Avery Brooks Infrastructure Engineer
New York, NY • infra@gmail.com • +1 6465-3333
Profile Summary
- Infrastructure Engineer with 7 years of experience designing and operating internal developer platforms across consumer-internet platforms, content delivery, and developer tooling, specializing in Kubernetes platforms, infrastructure as code, and reliability engineering.
- Solid technical background across cloud (AWS, GCP), IaC tools (Terraform, Pulumi), container orchestration (Kubernetes, Helm + Istio), CI/CD (GitHub Actions, ArgoCD), and languages (Go, Python) with strong fundamentals in Linux internals, networking, and Bash automation.
- Deep expertise in internal developer platforms, Kubernetes-native architecture, GitOps workflows, and zero-downtime deployments, leveraging methodologies such as golden paths and paved roads to drive scalable, secure, and cost-efficient infrastructure platforms.
- Engaged collaborator working cross-functionally with Application, Security, and Finance teams in Agile environments, contributing to architecture reviews, platform-roadmap discussions, and post-incident retrospectives with a pragmatic, ownership-first mindset.

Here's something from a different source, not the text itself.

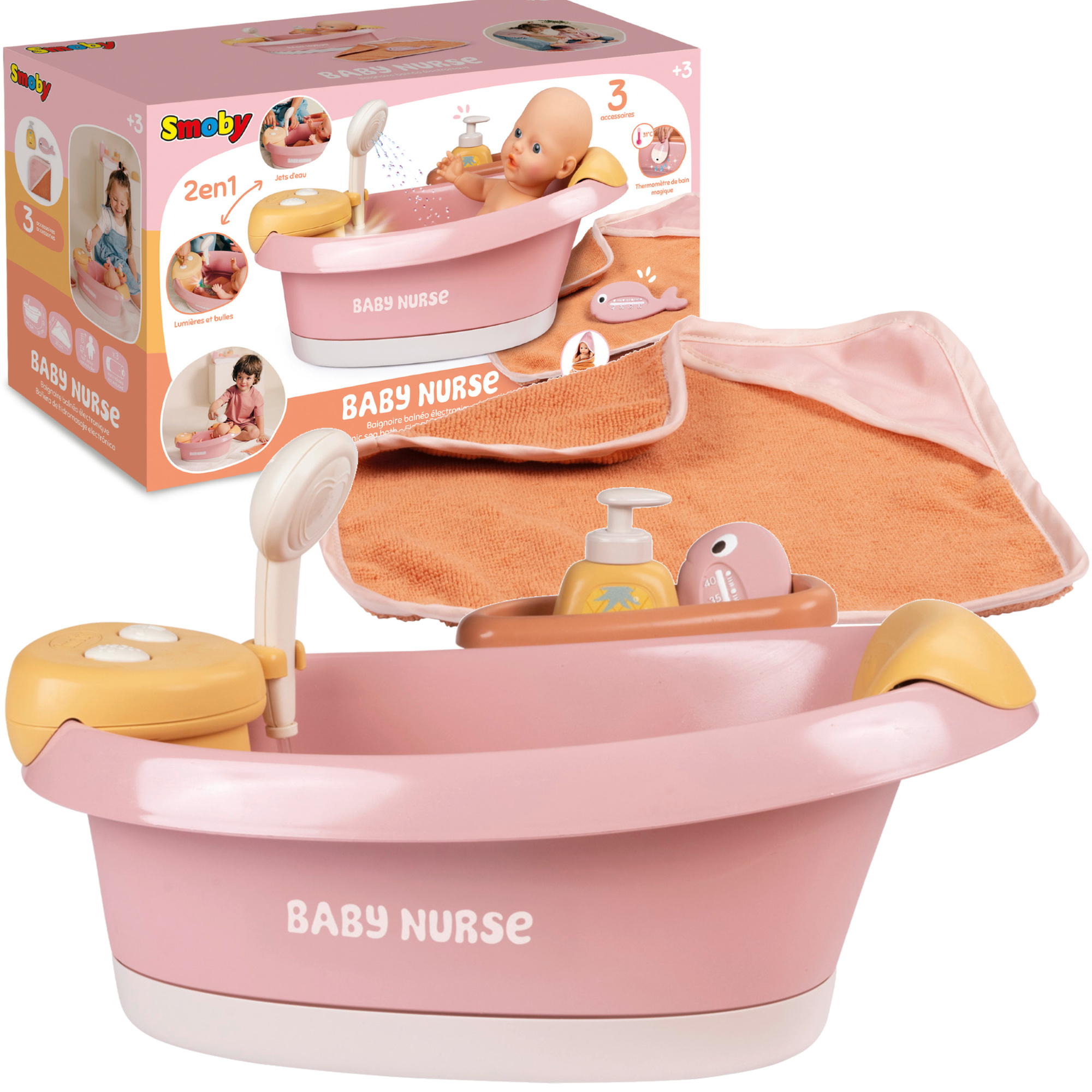 - Wanienka Smoby Baby Nurse to doskonały zestaw do zabawy w odgrywanie ról, który pozwala dzieciom wcielić się w troskliwych rodziców swoich ukochanych lalek. Ze słuchawki prysznicowej wypływa woda, a dodatkowo można włączyć podświetlenie i bąbelki!

- Emerging leader who shares technical excellence and fosters a culture of platform thinking and developer-experience focus through PR reviews and runbooks, while leading infrastructure guild sessions and authoring widely adopted Terraform module templates.
Technical Skills
- Cloud Platforms:
- AWS (EKS, EC2, RDS, S3, IAM), GCP (GKE, Cloud SQL), Azure (AKS)
- Infrastructure as Code:
- Terraform, Pulumi, CloudFormation, Ansible, Helm
- Containers & Orchestration:
- Kubernetes, Docker, Helm, Istio, Argo Rollouts
- CI/CD & Delivery:
- GitHub Actions, ArgoCD, GitLab CI, Jenkins, Flux
- Networking & Connectivity:
- VPC, Transit Gateway, Route 53, CloudFront, VPN, BGP
- Security & IAM:
- IAM, Vault, KMS, Trivy, SOC 2, ISO 27001
- Observability & Monitoring:
- Prometheus, Grafana, OpenTelemetry, Datadog, ELK, Loki
- Languages & Scripting:
- Go, Python, Bash, SQL, YAML
Education
Work Experience
- Own the end-to-end infrastructure platform for content-serving services at 15M+ DAU, leading design across cloud architecture, container orchestration, and CI/CD for 80+ microservices in a polyglot AWS + GCP environment.
- Authored the Terraform and Pulumi module library for cluster, network, and database provisioning, shipping reusable bootstrap modules, policy-as-code via Sentinel, and drift-detection automation, cutting per-team onboarding lead time from 2 weeks to 1 day across 40+ engineering teams.
- Built the CI/CD platform on GitHub Actions and ArgoCD with GitOps deployment, progressive delivery via Flagger, and automated rollback on SLO breach, operating 220+ pipelines and cutting commit-to-prod lead time from 4 hours to 18 minutes.
- Operated Kubernetes clusters across 3 regions with Istio service mesh, Helm chart standardization, and horizontal pod autoscaling, supporting 80+ services with 99.95% control-plane availability.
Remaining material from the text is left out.